— Source information —
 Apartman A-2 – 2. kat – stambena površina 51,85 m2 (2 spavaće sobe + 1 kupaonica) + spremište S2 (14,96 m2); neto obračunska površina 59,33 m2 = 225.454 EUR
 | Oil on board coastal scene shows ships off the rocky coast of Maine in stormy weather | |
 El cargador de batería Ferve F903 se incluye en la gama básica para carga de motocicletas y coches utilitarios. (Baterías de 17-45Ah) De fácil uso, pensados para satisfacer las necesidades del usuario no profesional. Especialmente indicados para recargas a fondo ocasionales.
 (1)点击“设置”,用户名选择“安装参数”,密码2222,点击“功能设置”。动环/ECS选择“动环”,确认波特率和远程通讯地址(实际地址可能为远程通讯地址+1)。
---
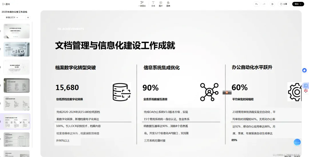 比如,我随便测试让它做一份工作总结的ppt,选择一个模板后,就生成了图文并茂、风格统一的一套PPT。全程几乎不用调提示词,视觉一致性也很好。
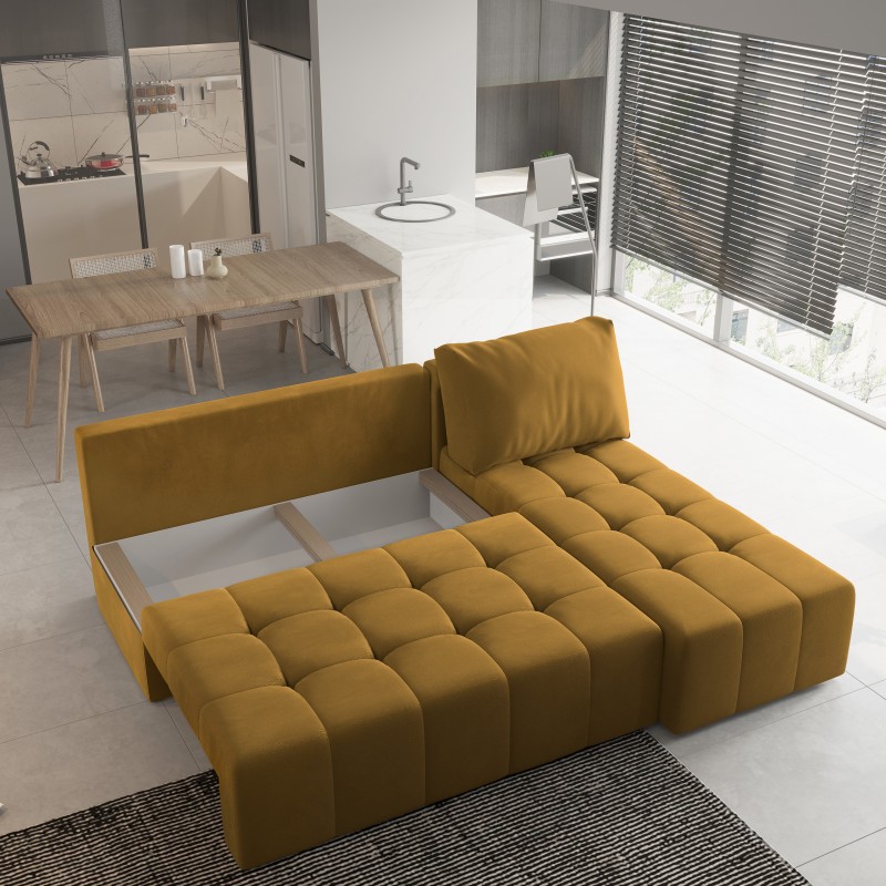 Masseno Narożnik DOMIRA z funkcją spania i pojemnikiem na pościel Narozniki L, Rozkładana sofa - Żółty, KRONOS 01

— What to do —
Copy out only the lines of the records above from the one with "Apartman A-2 –" through the one with "weather | |", exactly as they stand, both included.

— Answer for the task —
 Apartman A-2 – 2. kat – stambena površina 51,85 m2 (2 spavaće sobe + 1 kupaonica) + spremište S2 (14,96 m2); neto obračunska površina 59,33 m2 = 225.454 EUR
 | Oil on board coastal scene shows ships off the rocky coast of Maine in stormy weather | |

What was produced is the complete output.